This paper grows out of the resurgence of interest in antiquarianism, exploring a previously overlooked aspect of the history of ancient materiality in the early modern age. Focusing on the eighteenth-century Grand Tour, where proto-archaeological folios (illustrated works on the ruins of ancient monuments) such as Stuart and Revett’s Antiquities of Athens 1762-1816 or T. Major’s The Ruins of Paestum 1768 were created, this paper argues for the importance of the ancient classical past in understanding a distinct, eighteenth-century mode of visuality, whose development was essential to the origination of archaeology and the history of architecture. In order to explore and analyze the rich evidence for these eighteenth-century practices of visualization, we make use of own contemporary digital visualizing techniques.

What did the classical past look like in the early modern period? In the eighteenth century, with the discovery of sites such as Herculaneum and Pompeii, the ancient past achieved an unusual visibility and presence. Ruins, as signifiers of decay and the passing of time, also held out the promise of moving back in time, by offering a skeletal visual sense of what the ancient world must have been like. Antiquarians engaged themselves in excavations to recover more fragments of past monuments -- or, seeing with new eyes, they discovered anew/for the first time such extant ruins as those at Paestum, previously forgotten. But the feasibility of the study of this ancient material depended on the contemporaneous rise of architecture as a field of research and area of practice. The value of architecture to students of the classical world at the time is attested by the fact that Winckelmann wrote his History of architecture (1762) just before turning to his epoch-making History of ancient art (1764), in a Rome where the architect and artist G.B. Piranesi held sway as the one who could unlock the secrets of ‘speaking ruins’ (see Pinto 2012). Architects had the capacity not only to see a ruin but to visualize what was not there, what was lost to time--to see, for example, an ancient monument such as the Parthenon in its current ruined state as well as to imaginatively reconstruct and envision it in its original state. Such skills were crucial to disseminating these new visions in engravings widely reproduced in print.
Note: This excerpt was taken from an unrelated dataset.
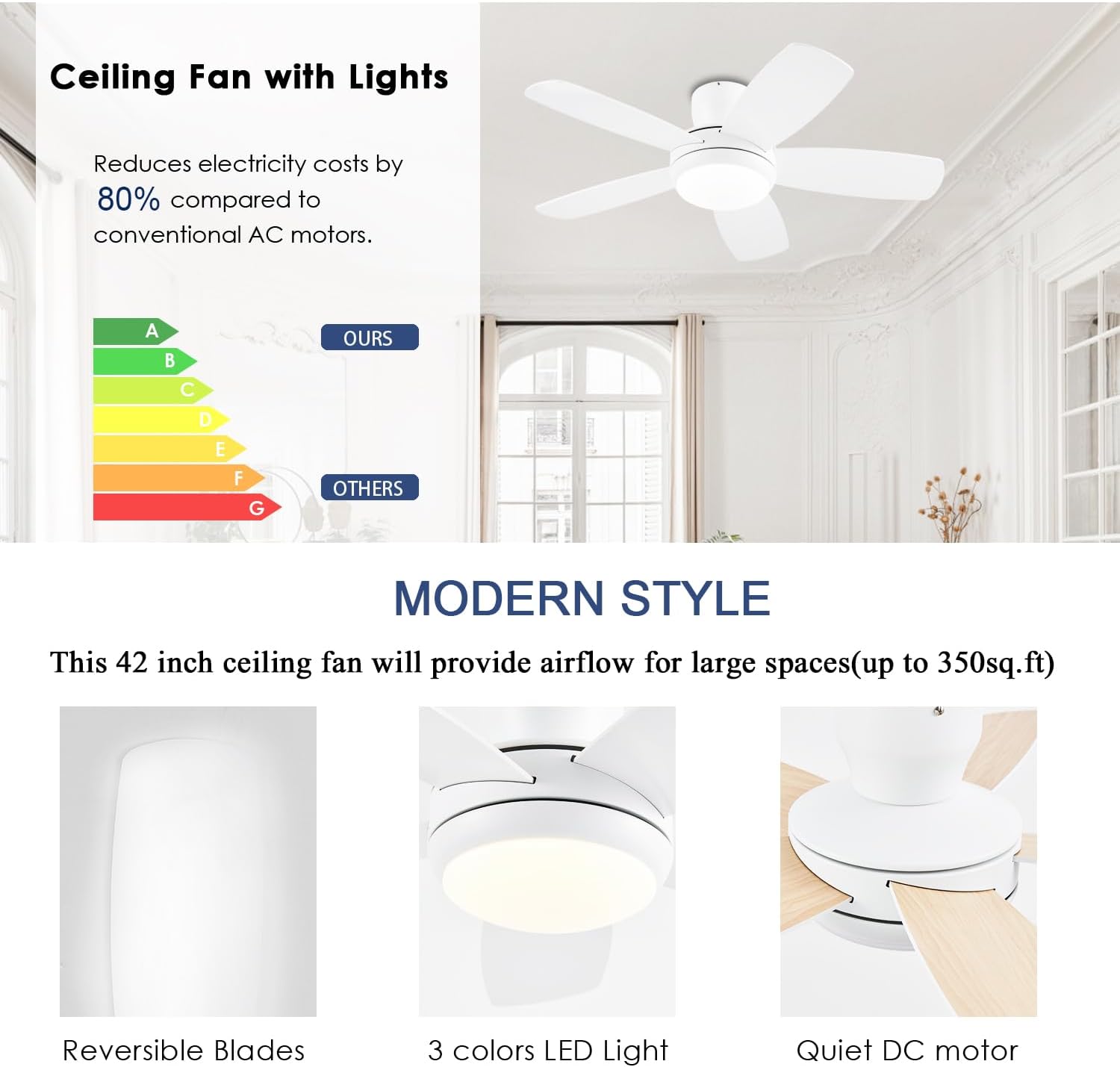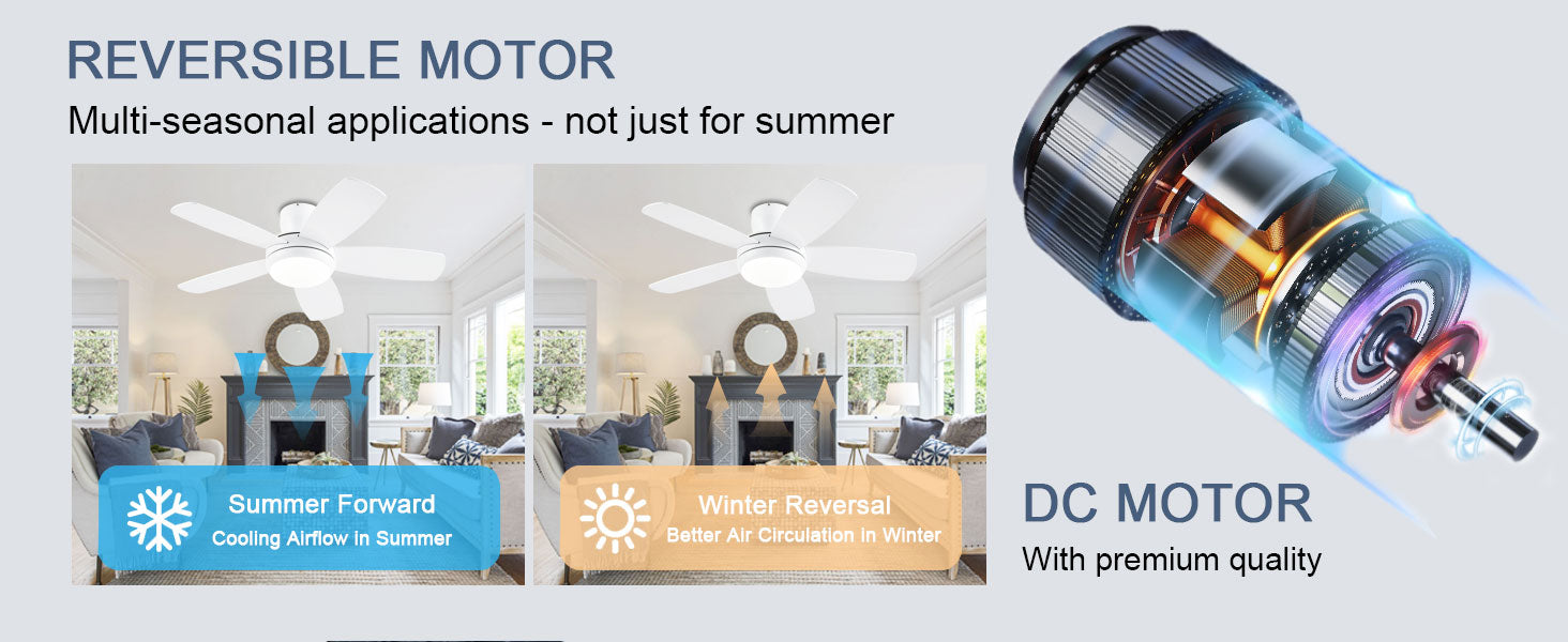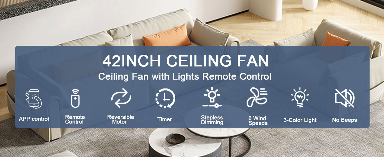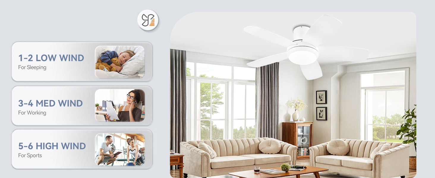 • 【Quiet Reversible Motor Ceiling Fan】: The high-quality energy efficient ceiling fan provides a comfortable experience throughout the year. Operating quietly with a noise level below 35dB, it offers forward and reverse modes. In summer, enjoy cool strong winds to dissipate heat, while in winter, promote air circulation to dispel cold.

This paper recovers the initial excitement of this making-visible of the past, when the novelty of images of the ancient world was matched by their use in a modern urban architecture whose facades were based on ancient classical models. It will first consider this crucial moment when visualization became a key point of entry to the ancient past. It will then argue for the rich potential of studying the early modern history of classics by analyzing, visually, the travels of British architects in the eighteenth-century Grand Tour. The material facts and results of these travels (sites visited, lengths of stay, Italian academies joined, publications completed or planned) makes visible just how crucial the ancient classical past sought out by these traveling architects was to their professional development, and moreover reveals how deeply involved it was in contemporary conversations about taste and values. Seeking the origins of archaeology in the early modern world reveals the development of scholarly practices still current today, while confirming in new ways the role of classics in the emergence of modernity.